Когда есть много стали, есть желание (а точнее, острая нужда) и есть подготовленные к работе люди, то жизнь становится как-то более простой и комфортной. Саша на своем заводе в Коломне развернулся не на шутку, забрав чуть ли не четверть прошлогоднего выпуска всех окрестных школ – и результат всех очень порадовал. Кроме трех тракторов, выпускаемых каждую неделю, завод с середины марта приступил и к массовому выпуску новеньких грузовиков. С новым, специально под них спроектированным мотором, который работал на дровах. Серьезный мотор получился, мощностью чуть меньше шестидесяти сил – ну, это если его деревянными чурбаками кормить. Можно было его кормить и шишками (правда изобилия хвойных в округе не было) или даже брикетами из соломы, хотя мощность при этом заметно падала – но пока и дров все же хватало.

Преимуществом тоже нового автомобильного газагенератора по сравнению с «ранними моделями» являлось то, что его перезаправлять дровами можно было не останавливая мотора – однако Сашина идея на этом же моторе и трактора выпускать поддержки в широких народных массах «Госплана» не получила – просто потому, что одно дело вдоль дорог кучи дров сложить и совсем другое эти дрова в поля таскать. По Лизиным прикидкам для работы такого трактора требовалось еще пару лошадей на подвозку дров ставить – так что трактора оставались дизельными. А так как Саша сначала выстроил и оснастил отдельный цех, эти газогенераторы выпускающий, то «народному хозяйству» теперь ежедневно доставалось по новенькой трехтонке.
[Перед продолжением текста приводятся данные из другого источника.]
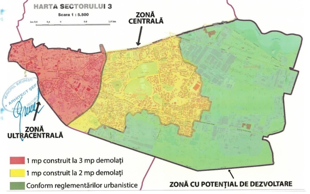 Regulamentul de urbanism propus de primarul Robert Negoiță prevede că în zona centrală a Sectorului 3 se va putea construi 1 mp dacă se demolează 3 mp, iar pentru zona de mijloc din sector propunerea este să se demoleze 2 mp pentru a construi 1 mp. La periferie este la liber, neexistând nicio interdicție.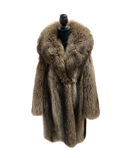 Raccoon Coat for Extreme Cold Weather, Shawl Collar, Open Sleeves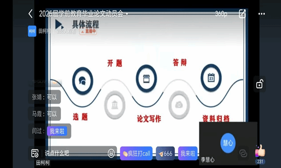 为深入贯彻人才培养的高质量标准,全面提升毕业论文的品质与规范性管理,太阳集团tcy8722于2024年11月25日19:00,通过钉钉平台以线上直播的形式,召开了2025届学前教育及小学教育毕业论文动员大会。太阳集团tcy8722经理郑宽明、执行经理拓梅梅、经理助理温馥榕、教学秘书归阳阳、学前教育系系主任李月星、小学教育系系主任金得华、毕业论文相关负责老师以及2025届全体毕业生参加了本次会议。

В апреле Маркус спустил на воду уже третью цельносварную баржу на шестьсот тонн груза, причем судно было изготовлено по специальному заказу, сделанному Юлей. От первых двух она отличалась во-первых тем, что четыре ее трюма закрывались крышками, а во-вторых тем, что на ней были установлены сразу три мотора. Два – «локомотивных» по две с лишним сотни сил, а третий – новенький мотор, который Саша сделал, превратив два отдельных шестицилиндровых мотора в один V-образный двенадцатицилиндровый. Конструкция «машинного отделения» судна получилась уж очень замысловатой, ведь от любого из моторов мог крутиться (если правильно переключать редукторы) любой из трех винтов или любые несколько сразу. Правда переключать редукторы можно было лишь при неработающих моторах, да и занимала эта процедура примерно полчаса – зато кораблик получился довольно шустрым, только на одном «большом» моторе он легко плыл со скоростью свыше двадцати километров в час, а на всех трех по спокойной воде мог и двадцать пять дать – и это с полной нагрузкой. Правда при этом он солярки жрал тонны по две с лишним в сутки, но иногда скорость важнее копеечной экономии…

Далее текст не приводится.